Chris secoua la tête.
« Il a dit qu’il ne rendrait pas Tess.
— Tu crois qu’il parlait sérieusement ? demanda-t-il.
— En temps ordinaire, je répondrais non. Mais en temps ordinaire, il n’oserait pas me menacer de la sorte. Il ne viendrait pas ici. Dans le monde réel, Ray respecte assez bien les limites légales. Ne serait-ce que pour éviter de se rendre vulnérable. Là-haut, il parlait comme quelqu’un qui n’a rien à perdre. Il parlait de la quarantaine. Il disait qu’on pourrait tous être morts dans une semaine.
— Tu crois qu’il sait quelque chose ?
— Soit il sait quelque chose, soit il veut que je le croie. Tout ce que je peux dire est qu’il ne ferait pas le malin avec notre accord sur la garde de Tessa s’il pensait que je pourrais disposer d’un recours légal. Je veux dire, que je pourrais en disposer un jour ou l’autre. »
Chris y réfléchit un long moment en silence. La bouilloire siffla. Marguerite se concentra sur la préparation du thé, rituel apaisant, deux sachets, une cuillerée de lait dans sa tasse, rien dans celle de Chris.
« J’imagine que je ne me suis jamais autorisée à y penser, dit-elle. Je veux croire qu’un jour prochain, ils rouvriront les portes et restaureront les canaux de données, et que quelqu’un en uniforme nous présentera à tous ses excuses en nous remerciant pour notre patience et en nous suppliant de ne pas intenter de procès. Mais cela pourrait se terminer d’une autre manière, j’imagine. » D’une manière mortelle. Et bien entendu, n’importe quand. « Pourquoi nous feraient-ils ça, Chris ? Il n’y a rien de dangereux, ici. Rien n’a changé depuis la veille du blocus. De quoi ont-ils peur ? »
Il eut un sourire pincé.
« La blague.
— Quelle blague ?
— Un vieux numéro – j’ai oublié où je l’ai vu. Ça se passe pendant la Deuxième Guerre mondiale, les Britanniques ont trouvé l’arme ultime. Une blague si marrante que tu meurs de rire en l’entendant. La blague est traduite mot à mot en allemand phonétique. Les soldats sur le front la crient avec des porte-voix, et les troupes nazies tombent raides mortes dans les tranchées.
— D’accord… Et ?
— C’est le premier virus informationnel. Une idée ou une image capable de rendre quelqu’un fou. Peut-être est-ce de cela dont le monde a peur.

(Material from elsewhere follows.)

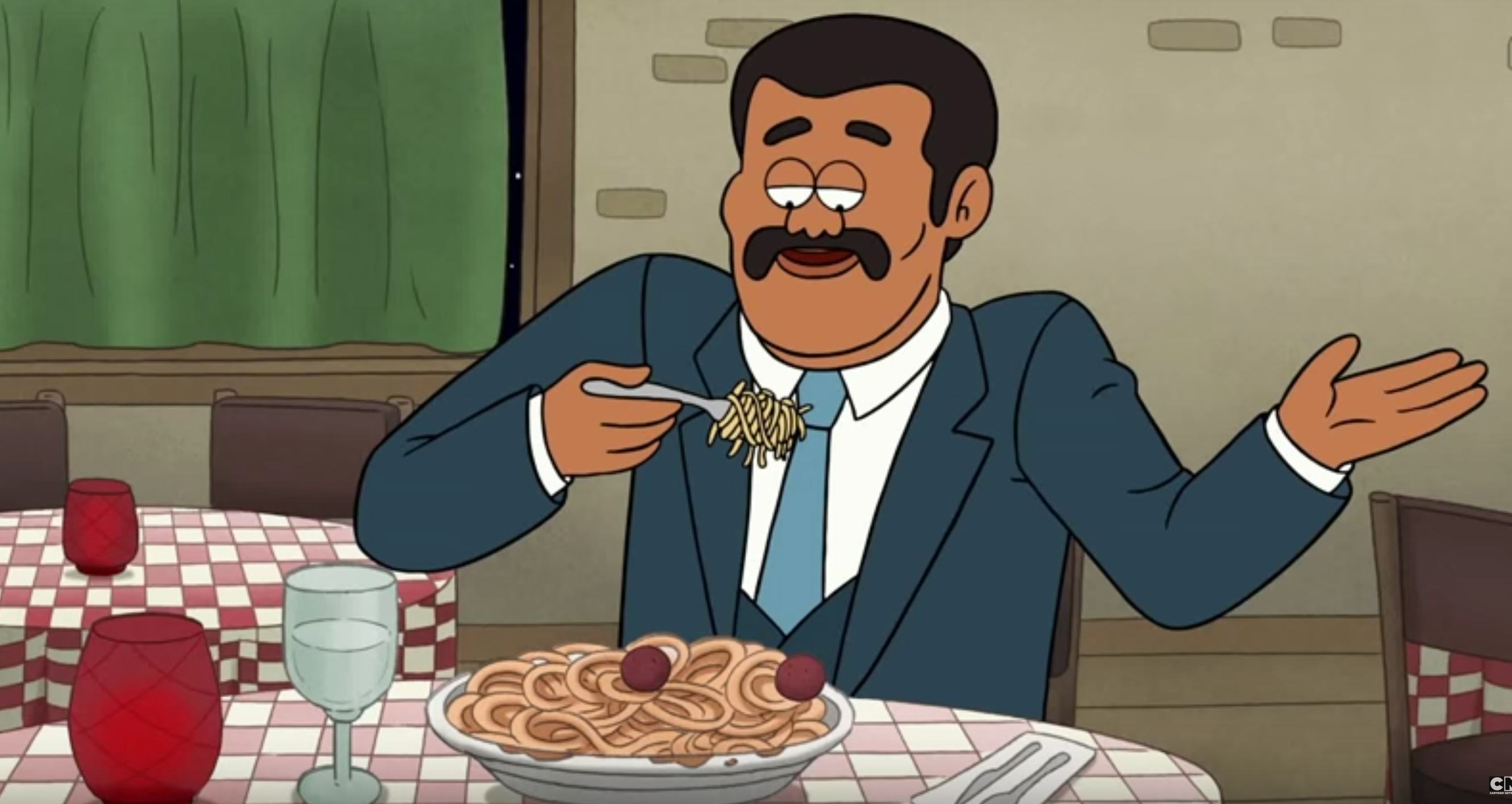 Astrophysicist and cartoon aficionado Neil deGrasse Tyson will be spitting science and slurping spaghetti on the upcoming Halloween episode of the Regular Show. In the teaser released by Cartoon Network, problematic favorite Tyson is ready to dine on leads Mordecai and Rigby after they’ve tumbled into a black hole and are turned into spaghetti.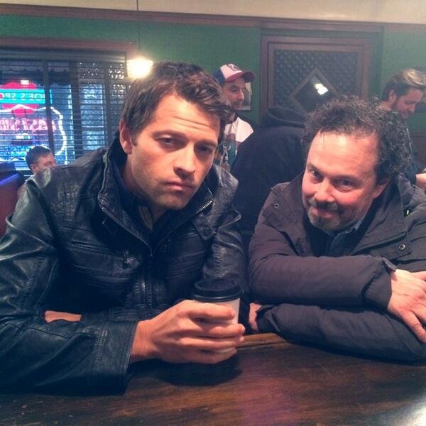 Снимката е от сета на 9.10 "Road Trip". Oтзад вдясно е един от операторите, така че е вероятно да са с дрехите за сцената, епизода. Якето и ризата на Метатрон са същите като в 8.23 "Sacrifice". Според мен на Мишата/Кас му е добре така. То на кого ли не отива кожа, сепак Laughing .

— C’est une idée stupide, et elle a été écartée il y a dix ans au cours des auditions sénatoriales.
— Mais suppose que ça se soit produit à Crossbank, ou qu’il se soit produit à Crossbank quelque chose qui y ressemble.
— Crossbank ne regarde pas la même planète. Et en supposant qu’ils aient trouvé quelque chose de potentiellement dangereux, en quoi cela devrait-il nous affecter ?
— En rien, sauf si le problème s’est produit dans les O/BEC. C’est la seule chose que nous ayons vraiment en commun avec Crossbank : le matériel.
— D’accord, mais ça reste ridiculement conjectural. On n’a pas la moindre preuve qu’il se soit produit un problème à Crossbank. »
Marguerite avait oublié le morceau de page de magazine volé à la clinique par Chris. Il le sortit de la poche de sa veste et le posa sur la table de la cuisine.
« On en a une, maintenant », dit-il.